PRESIDENT Rodrigo Duterte has repeated before Russian television China’s threat of war if the Philippines insisted on drilling for oil in the West Philippine Sea (South China Sea) in Beijing.
In an interview with Moscow-based news channel Russia Today (RT), released upon his arrival in Russia for an official visit on Monday, the President said confronting China would not help because Manila was not ready for war against Beijing.
Duterte, who met with Chinese President Xi Jinping and Premier Li Keqiang in Beijing last week, said he and Chinese leaders talked about the 2016 ruling of a United Nations-backed arbitral tribunal that trashed China’s claims over the disputed waters.
“I’ve been very frank with them. They said arbitral – I went more than that. I would not tell you what the official said to me, but said ‘We can be friends.’ Then I said ‘I want to drill now, because we want to find…,’” Duterte said.
But he said he was told by the Chinese: “’Please, do not do it.’ And I said ‘Why?’ – ‘Because instead of being friends we will be enemies, and there might be war.’”
“Do you expect me to fight China in a war? Do I have the cruise missiles to hit them? Do I have the missiles to launch when they bomb [us]. So what will happen is there is going to be a massacre,” Duterte said.
Duterte reiterated he would not insist on the arbitration ruling in favor of Manila.
“Never mind about the insistence of the arbitral. At the end of the day it is this: you say it is yours, and I say it is mine,” he added.
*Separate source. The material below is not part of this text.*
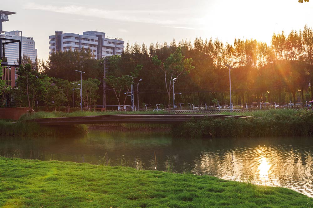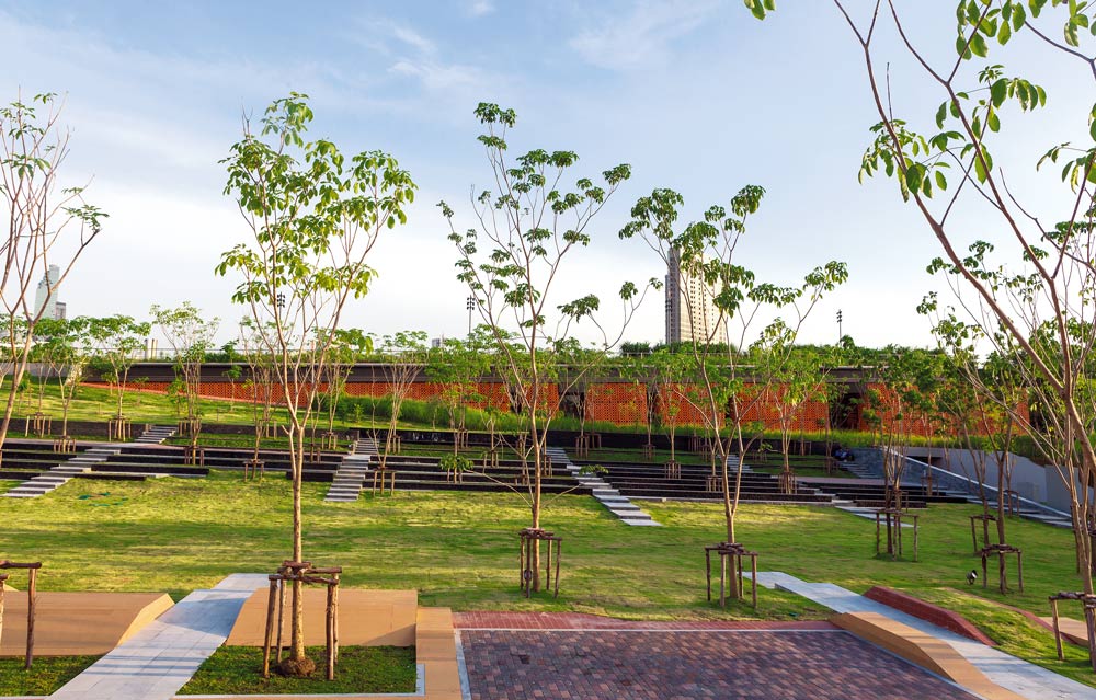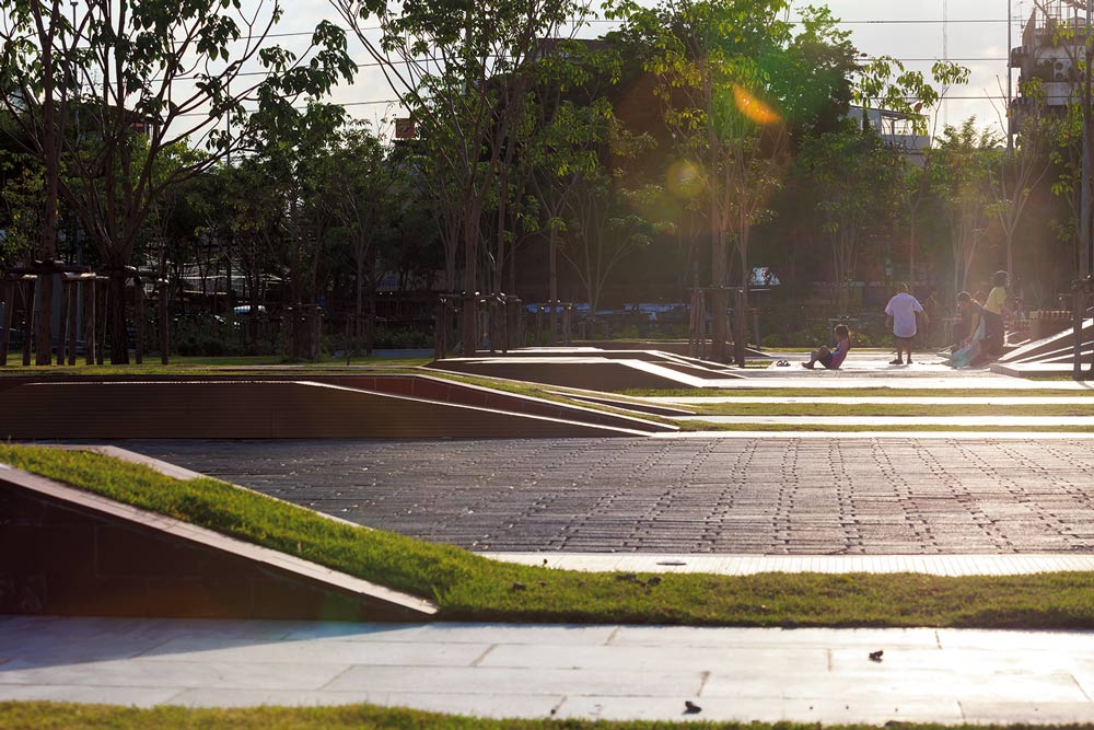 –DETENTION LAWN หรือพื้นที่หน่วงน้ำแบบแห้ง ในวันที่มีฝนตก สนามหญ้าผืนใหญ่ผืนนี้พร้อมโอบอุ้มน้ำฝนแล้วหน่วงน้ำเหล่านั้นไว้ในพื้นที่ ก่อนจะค่อย ๆ ซึมลงดินในวันธรรมดา ฝั่งหนึ่งจึงกลายเป็นพื้นที่วิ่งเล่นของเด็ก ๆ จากชุมชนข้างเคียง โดยมีสไลเดอร์ที่ลาดเอียงล้อกับสัณฐานของที่ดินให้เด็ก ๆ ได้เล่นสนุก อีกฝั่งแบ่งเป็นขั้นบันไดเสมือนแอมฟิเธียร์เตอร์ขนาดย่อมเรียงหน้าตลอดแนวสนามสำหรับนั่งพูดคุย พักผ่อน หรือทำกิจกรรมแบบกลุ่ม
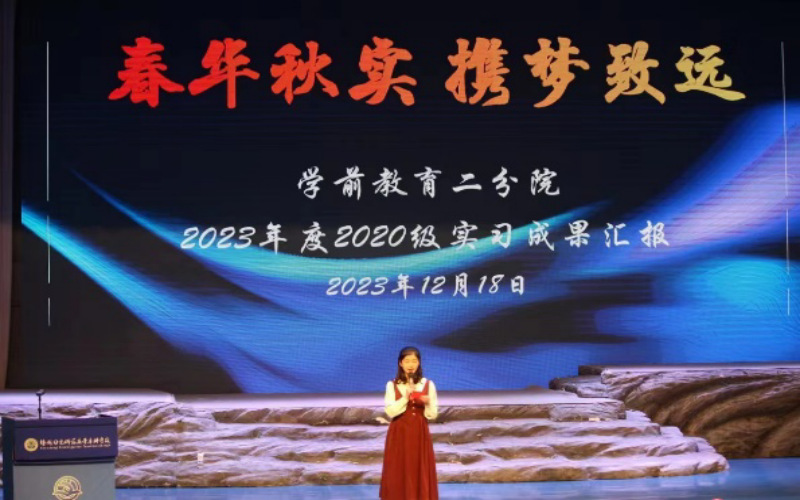 2023年12月18日下午4:00,学前教育学院二分院在鲁艺剧场成功举办实习成果汇报展。学院邓晓玲院长、许利芹副院长以及学前教研组专任教师和2020级全体学生、2021级优秀实习生参加了本次活动。

In July 2016, the Permanent Court of Arbitration in The Hague ruled in favor of Philippines in its arbitration case against China over conflicting claims on the South China Sea.
But China ignored the ruling and warned the Philippines against trying to use the verdict as leverage.
On Friday, Duterte claimed that China warned his administration of war if Manila insisted on its ownership of areas in the disputed waters.
The President said the Chinese side issued the warning after he expressed the Philippines’ intention to drill oil in the resource-rich waters, particularly Recto (Reed) Bank.
“We can talk about it later on, but not now, because everybody is grabbing a piece of the property. Maybe when the time comes, when everything is quiet and it’s conducive to talks. And as I said, [we could talk about]joint venture. But not now. No hard selling now. Not yet, because, as I said, everybody is claiming it,” Duterte said.
Duterte has taken a soft stance with China as he seeks billions of dollars in trade and investment from Beijing.
The President is in Moscow for a four-day visit as he recalibrates his foreign policy toward China and Russia and away from the United States.
Duterte said he would rather choose Russia than the US because it is “bright and generous.”
“I’m just playing with my mind that the Russians are brighter than the Americans. I think they are more sophisticated, more precise. And I said that since Russia is brighter than America, I’ll go to Russia. Also, because the Russians are not only bright, they are generous and they help all,” he said
But Duterte also clarified that the Philippines harbors no ill-feelings toward the US, while pursuing closer cooperation with China and Russia.
“I have nothing against America. They’re perfectly alright. [US President Donald] Trump is my friend. But my foreign policy has shifted from the pro-Western one. I am now working on an alliance with China, and I hope to start a good working relationship with Russia,” Duterte said.
The Philippines’ relations with the US turned sour after Trump’s predecessor, former US president Barack Obama, criticized Duterte’s brutal crackdown on illegal drugs.
Duterte then launched series of profanity-laced remarks against the US and other critics like the European Union.